Try it | Repeat the records below verbatim and include no pictures.
-- Working data follows --
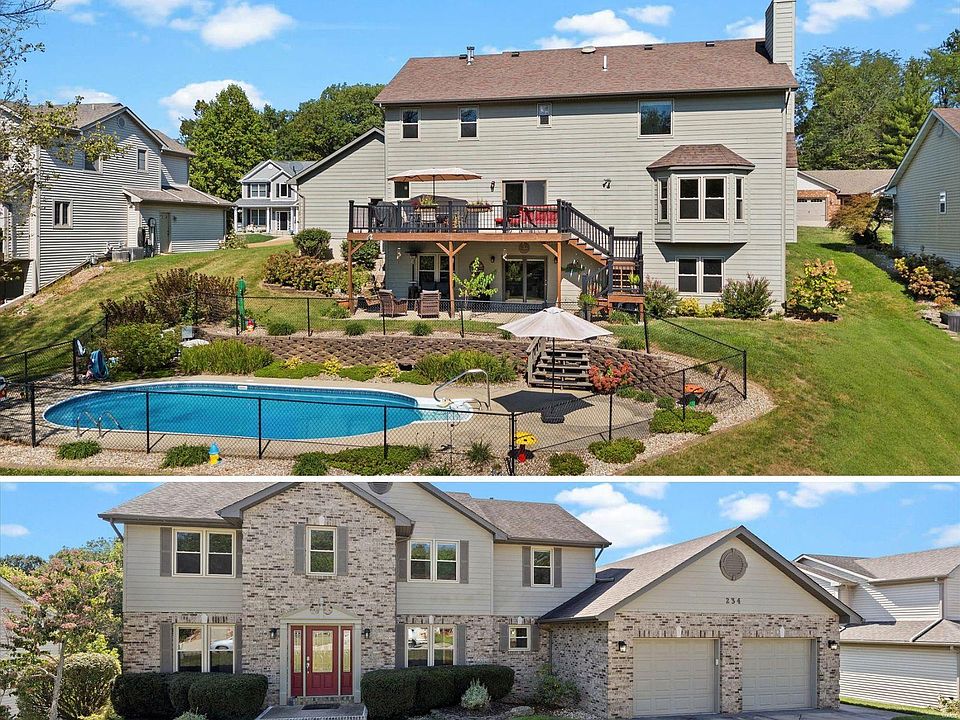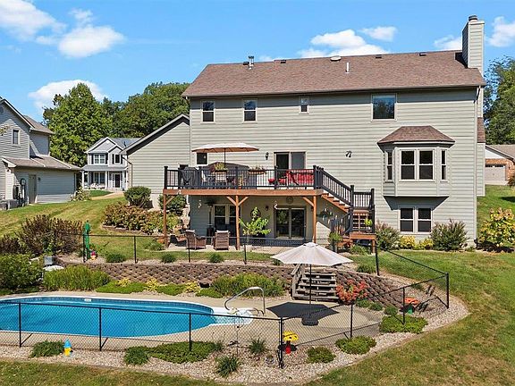 Impressive 2-story home nestled on nearly half an acre in the heart of Collinsville! Spread out in this 5 bedroom, 3.5 bath beauty with nearly 4,000 sq ft of living space. Dual staircases lead upstairs to four inviting bedrooms and a guest bath. The recently updated primary suite is a true spa experience with a gorgeous glass enclosed shower, custom cabinetry, radiant heated floors, and a beautifully organized closet. Enjoy family gatherings in the formal dining room or unwind in the large great room that opens to the gourmet kitchen with quartz counters, oak cabinetry, newer vinyl plank flooring, and SS appliances. The versatile main floor “flex” room is perfect for an office or play area. Step outside onto the newer composite deck overlooking the stunning inground pool with wooded backyard. The lower-level walkout offers a cozy rec room, an additional bedroom and bath, and a spacious patio for even more outdoor enjoyment. Roof-2012, HVAC-2017, Tankless WH & windows-2019.
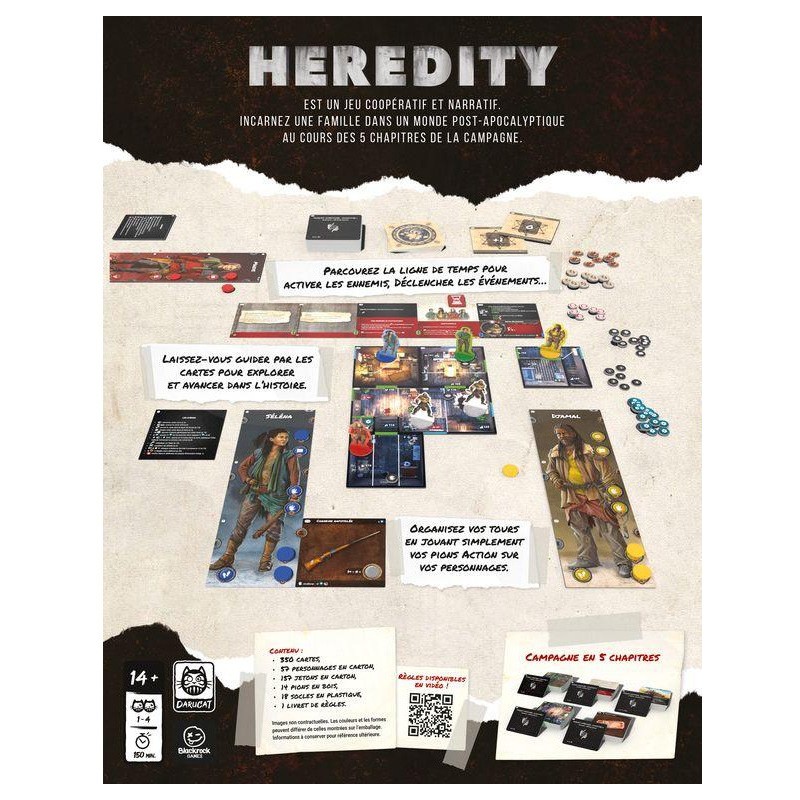 Heredity est un jeu coopératif et narratif. Incarnez une famille dans un monde post-apocalytique au cours des 5 chapitres de la campagne. Vos choix auront un impact immédiat sur vos personnages et sur la conclusion de leur aventure.
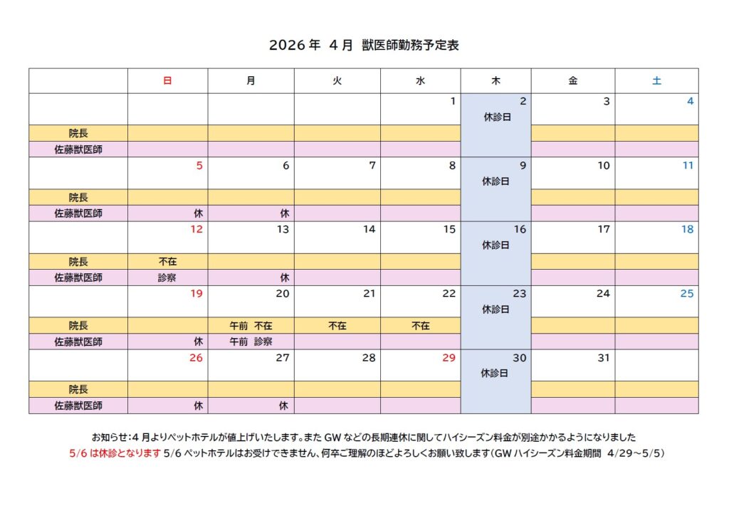 4月のお知らせ
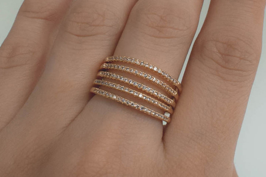 ANEL BANHADO EM OURO, COM 130 ZIRCÔNIAS
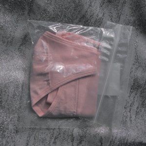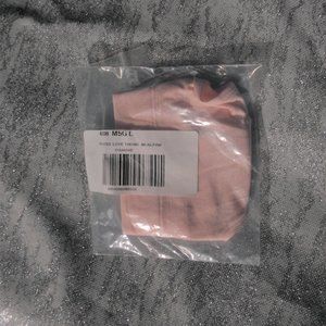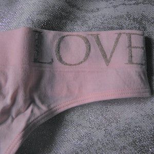 Seamless thong from VS, gold embroidered "LOVE" on waist band. Color according to label is millennial pink. NWT Available sizes S, M & L.
-- Working data concluded --
Written response |
 Impressive 2-story home nestled on nearly half an acre in the heart of Collinsville! Spread out in this 5 bedroom, 3.5 bath beauty with nearly 4,000 sq ft of living space. Dual staircases lead upstairs to four inviting bedrooms and a guest bath. The recently updated primary suite is a true spa experience with a gorgeous glass enclosed shower, custom cabinetry, radiant heated floors, and a beautifully organized closet. Enjoy family gatherings in the formal dining room or unwind in the large great room that opens to the gourmet kitchen with quartz counters, oak cabinetry, newer vinyl plank flooring, and SS appliances. The versatile main floor “flex” room is perfect for an office or play area. Step outside onto the newer composite deck overlooking the stunning inground pool with wooded backyard. The lower-level walkout offers a cozy rec room, an additional bedroom and bath, and a spacious patio for even more outdoor enjoyment. Roof-2012, HVAC-2017, Tankless WH & windows-2019.
 Heredity est un jeu coopératif et narratif. Incarnez une famille dans un monde post-apocalytique au cours des 5 chapitres de la campagne. Vos choix auront un impact immédiat sur vos personnages et sur la conclusion de leur aventure.
 4月のお知らせ
 ANEL BANHADO EM OURO, COM 130 ZIRCÔNIAS
 Seamless thong from VS, gold embroidered "LOVE" on waist band. Color according to label is millennial pink. NWT Available sizes S, M & L.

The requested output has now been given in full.